** Extracted material follows **
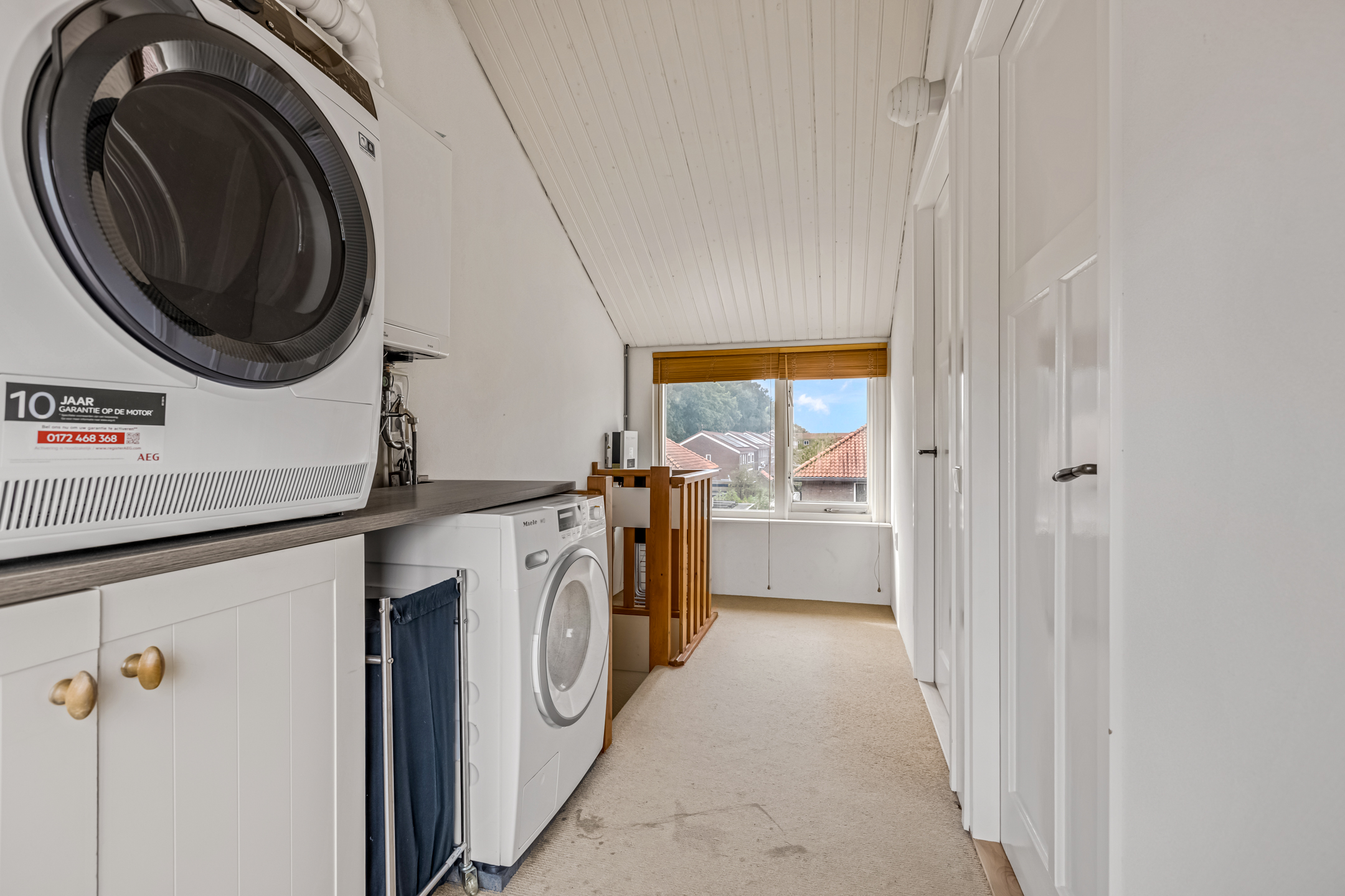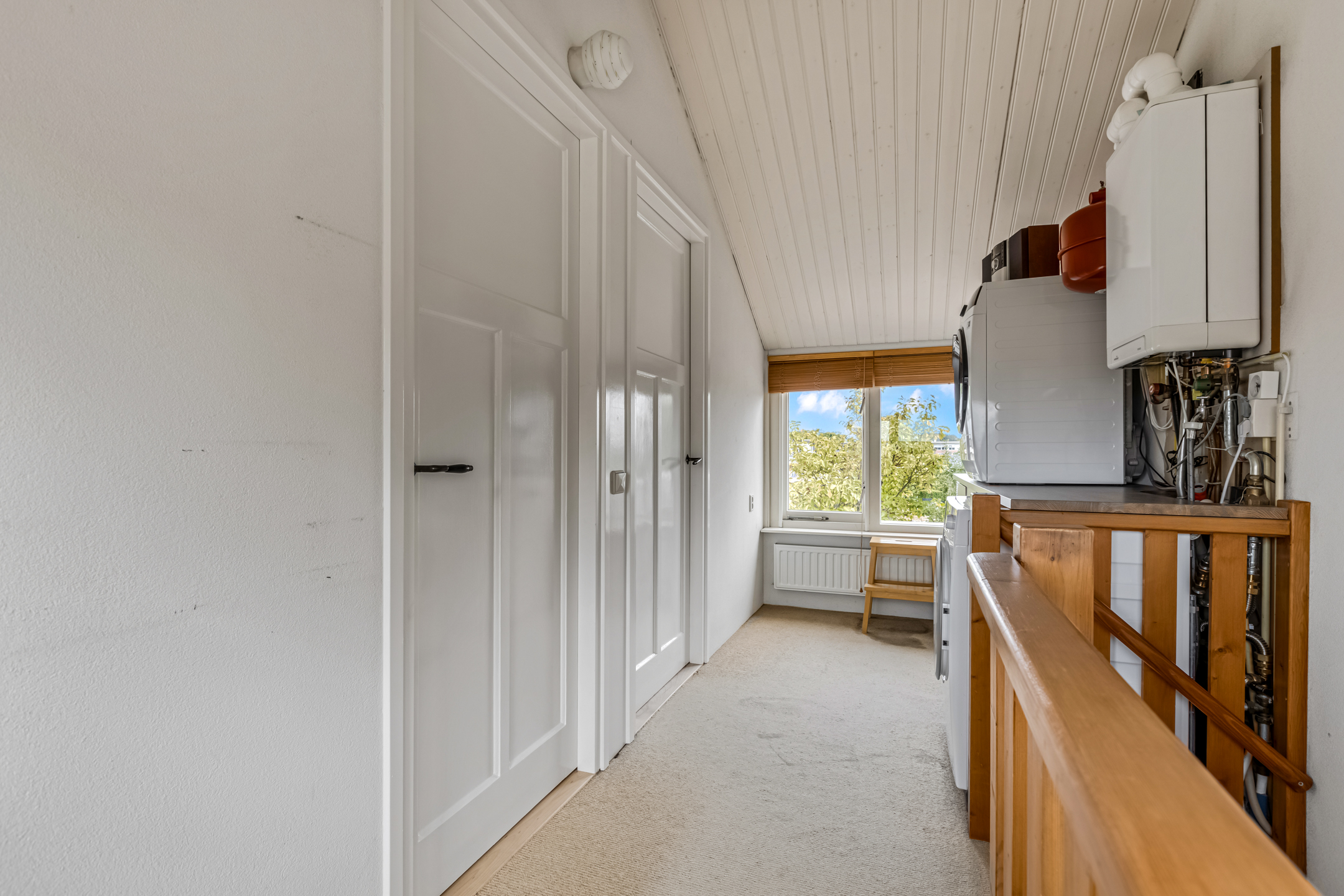 Overloop met CV-opstelling en werkblad met daaronder verwerkt de was- en droog aansluitingen. Op deze verdieping zijn nog eens twee extra slaapkamers gerealiseerd.
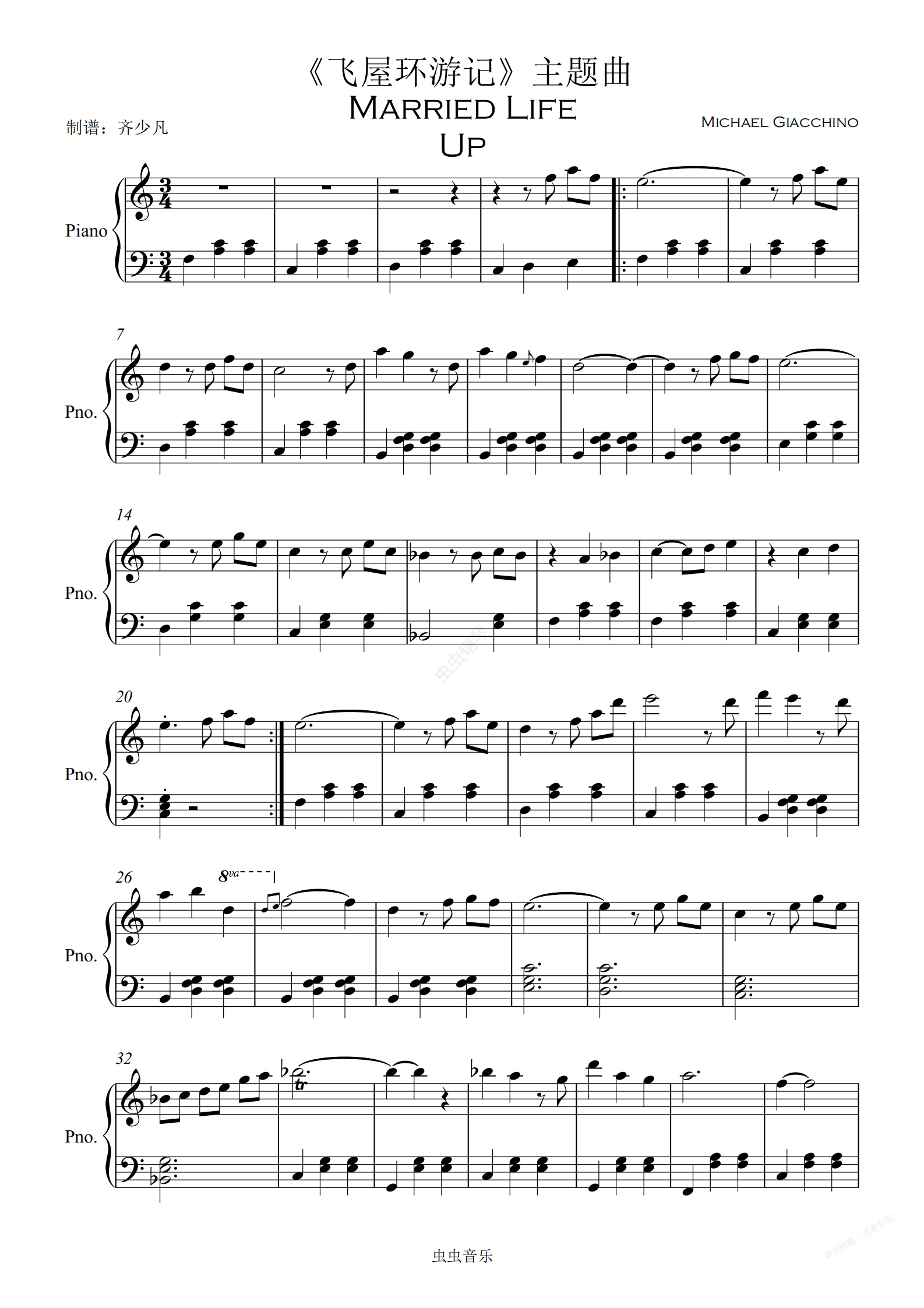 钢琴谱:《飞屋环游记》主题曲 Married Life
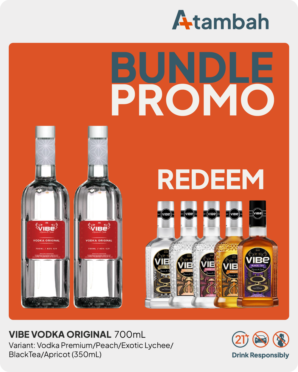 [PROMO BUNDLE] Vibe Vodka Original 700mL - buy 2 get 1x 350mL Vibe Vodka Premium/ Peach/ Exotic Lychee/ BlackTea/ Apricot
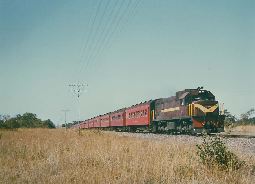 The Portuguese dream was a connection across Africa to Mozambique. That "C.F. Atravez Africa" started at Luanda in Angola, but it remained a local line. In Cecil Rhodes' empire the 2ft gauge Beira Railway was built, in 1898 completed between Umtali and Beira. From 1900 the Cape gauge mail train of the BMR, later RR, ran Salisbury - Beira. From 1935 Beira had its mail train to Nyasaland, now Malawi. "Shooting up the Malawi Mail" became the communists' hobby and in 1976 the railcar Blantyre - Beira was stopped. Passenger train services between Zimbabwe and Mozambique were interrupted, but within Mozambique and Malawi some trains continued running.
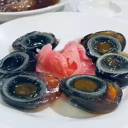 The taste of sweet and sour with ginger is fresh and fresh, as an appetizer before a big meal. The sourness of ginger is sweet and spicy, with a smooth texture of preserved egg, one acid and one alkaline, the protein is crystal clear, full of taste and middle The melted part is smooth and glutinous with egg flavour
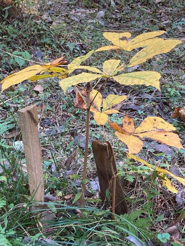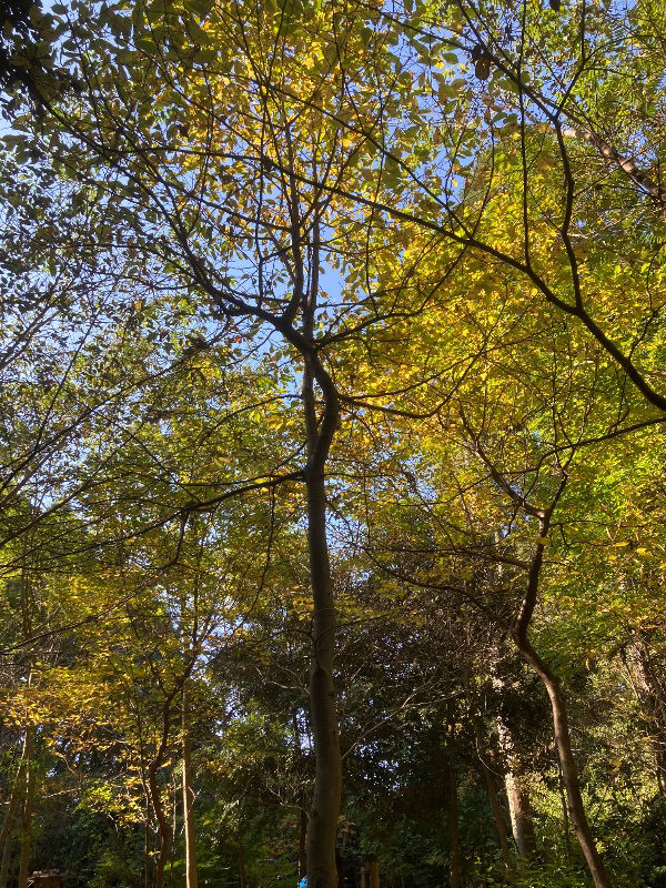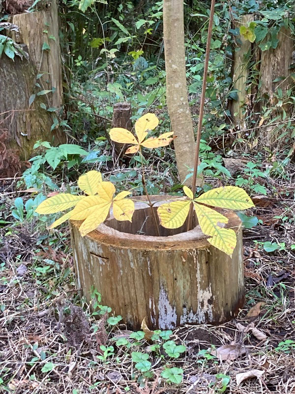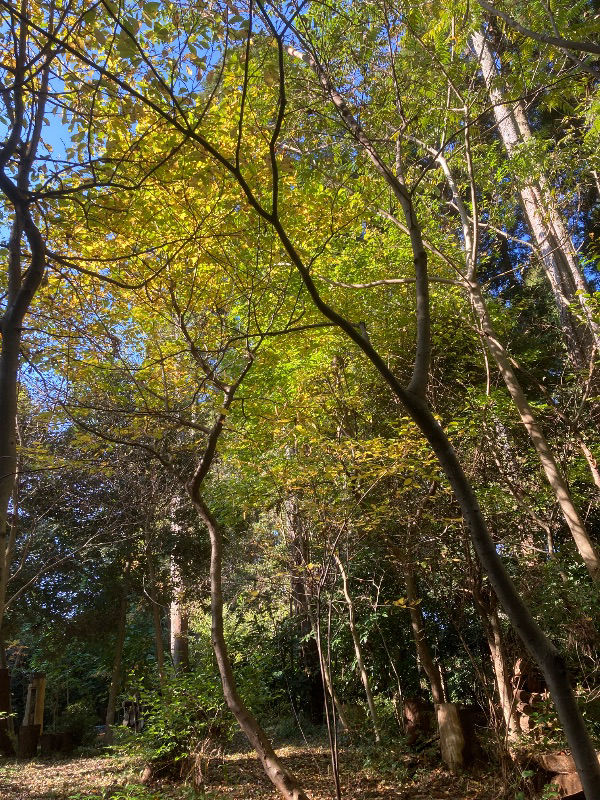 数十年前のヒコ生えは八方に広がり、残った2本が今朝はついに倒れだした。
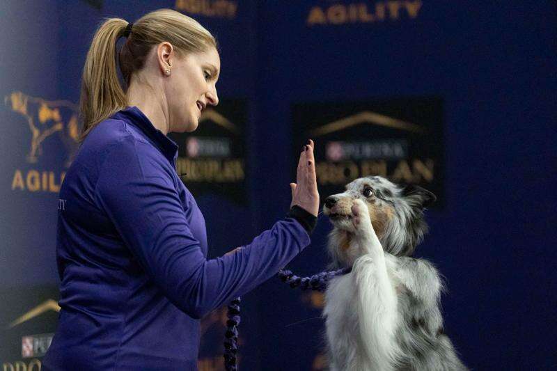 An Australian Shepherd dog gives a high-five to a handler before competing in the Masters Agility Championship Finals at the 150th Westminster Kennel Club Dog show, Saturday, Jan. 31, 2026, at the in New York. (AP Photo/Yuki Iwamura)
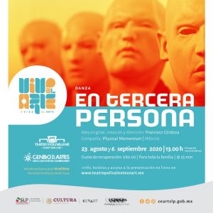 El domingo 23 de agosto a las 13:00 horas, la compañía dancística Physical Momentum (México), presenta “En Tercera Persona”, una propuesta escénica que exterioriza las variables filosóficas de nuestra identidad. Hablar de uno mismo a través de la mirada del otro. La otredad como demonización y deshumanización de quienes somos como individuos. “El infierno es la mirada del otro, pues esos “otros” somos nosotros mismos” –Sartre. Intérpretes: Francisco Córdova, Alfonso López, Luis Vallejo y Carlos Zamora.
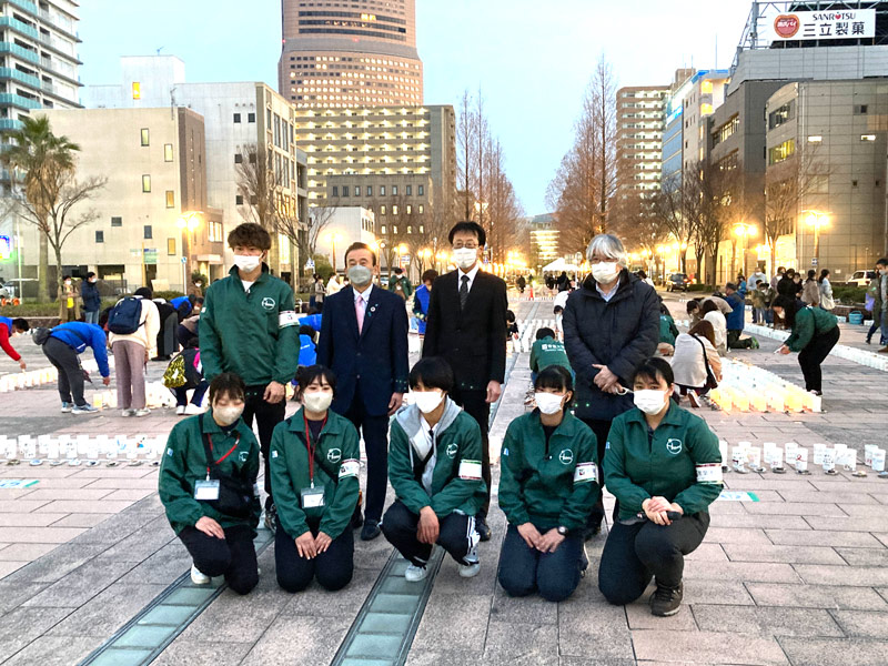 東日本大震災から11年を迎えた3月11日(金曜日)浜松キャンパスの学生が中心となり組織する、3.11はままつ東北復光プロジェクトは、他大学や企業の方など約60名のボランティアに協力をいただきながら、浜松市中区のアクト通りで「3.11復光キャンドルナイト」を開催しました。
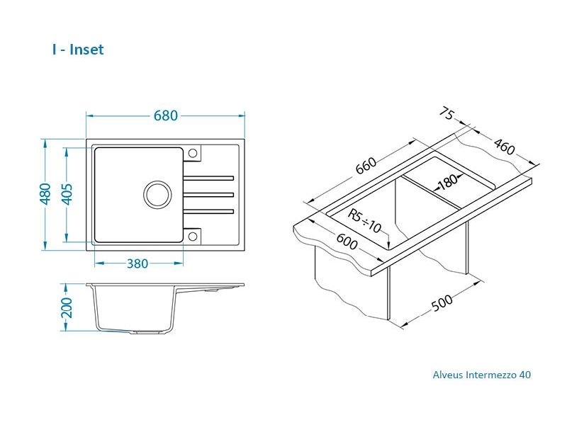 Inštalácia do skrinky so šírkou 500 mm - pre montáž I
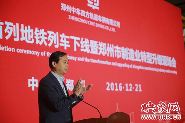 期間,河南省政府副秘書長王夢飛宣讀省委省政府賀信,中車青島四方機車車輛股份有限公司總經(jīng)理馬云雙代表投資方介紹企業(yè)產(chǎn)品產(chǎn)業(yè)情況,“鄭州造”首列地鐵列車用戶方鄭州市軌道交通有限公司黨委書記、董事長、總經(jīng)理張洲致辭;鄭州市政府市長程志明分別做重要講話。
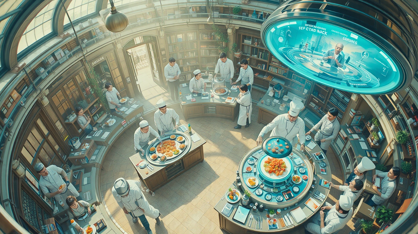 作图提示词:Spherical high-tech kitchen in old town center, chefs wearing tactile gloves manipulating holographic cooking stations, overhead view focusing on quantum preservation pods delivering fresh seafood while AI recommends personalized recipes, vibrant culinary colors with futuristic interfaces, energetic and innovative atmosphere. The scene showcases how traditional culinary arts merge with quantum food technology in future gastronomy.
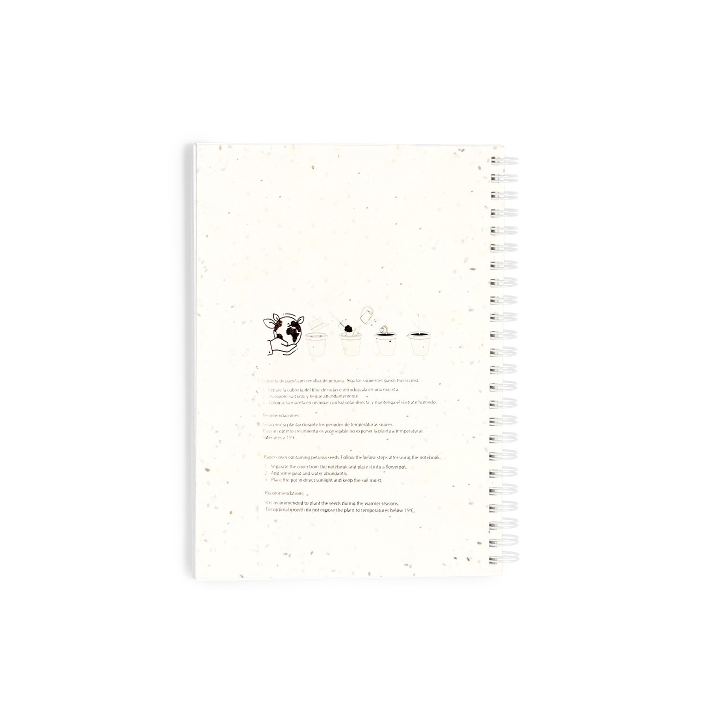 Con 80 hojas blancas lisas, esta libreta te ofrece espacio más que suficiente para tus notas, ideas y pensamientos. Además, las cubiertas de la libreta incluyen semillas de petunia, lo que significa que al final de su vida útil, en lugar de desecharlas, puedes plantarlas en la tierra y ver crecer hermosas flores. Las instrucciones de plantado en la cubierta trasera te guiarán en este proceso, convirtiendo esta libreta en un regalo verdaderamente especial y eco-amigable.
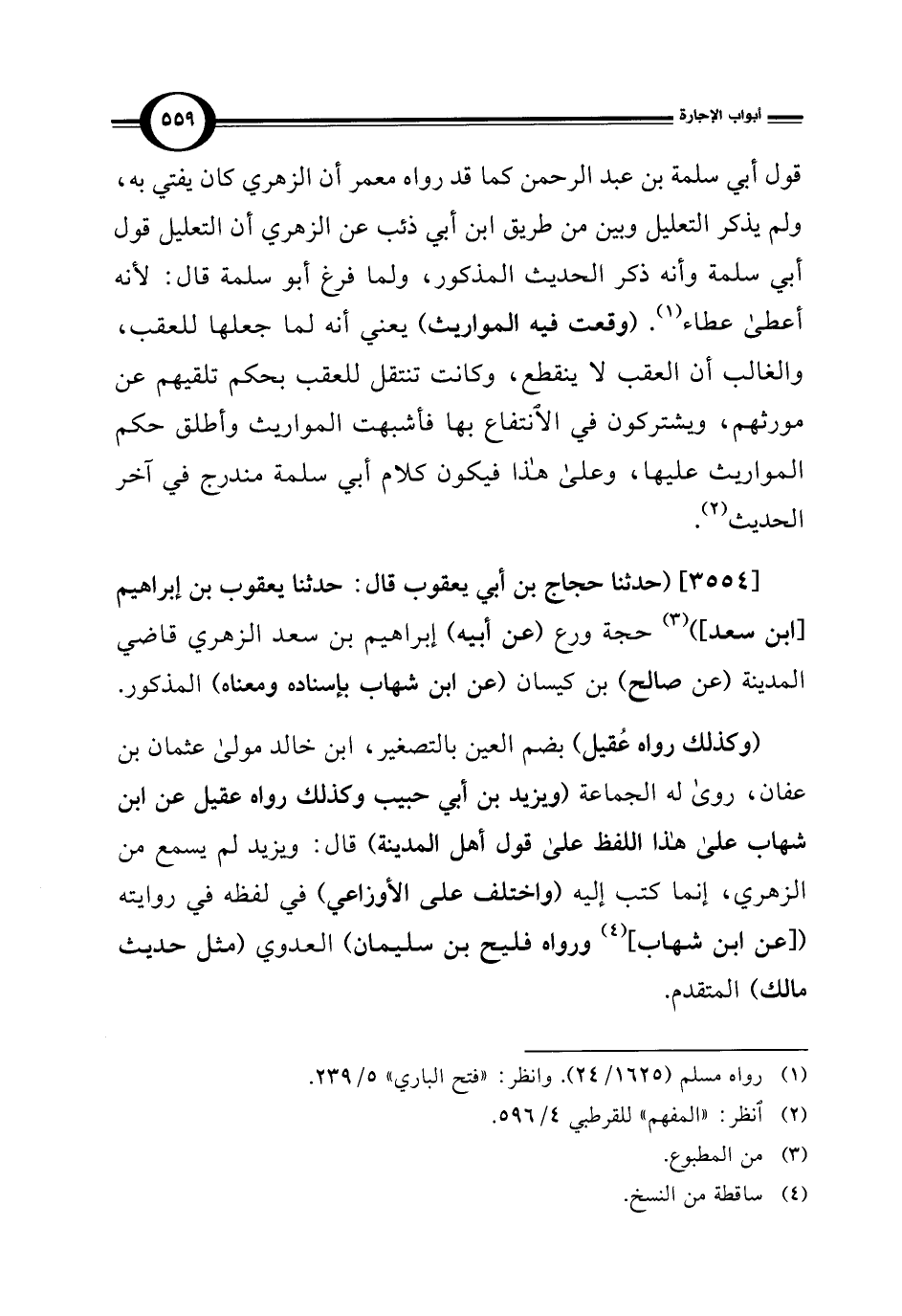 [3554] (حدثنا حجاج بن أبي يعقوب قال: حدثنا يعقوب بن إبراهيم [ابن سعد]) (¬3) حجة ورع (عن أبيه) إبراهيم بن سعد الزهري قاضي المدينة (عن صالح) بن كيسان (عن ابن شهاب بإسناده ومعناه) المذكور.
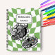 video game controller breaking trough a green and white retro chequered background. To make it extra special, it is also monogrammed and personalised with name or initials or any text you like. This cool notebook is perfect for video games lovers, a great addition to your kids school supplies.
** End of Extracted material **
| Requirement |
Of the lines above, quote exactly those from the one with "钢琴谱:《飞屋环游记》主题曲 Married Life" through the one with "[PROMO BUNDLE] Vibe", ends included; pictures stay out.

| Answer to the problem |
 钢琴谱:《飞屋环游记》主题曲 Married Life
 [PROMO BUNDLE] Vibe Vodka Original 700mL - buy 2 get 1x 350mL Vibe Vodka Premium/ Peach/ Exotic Lychee/ BlackTea/ Apricot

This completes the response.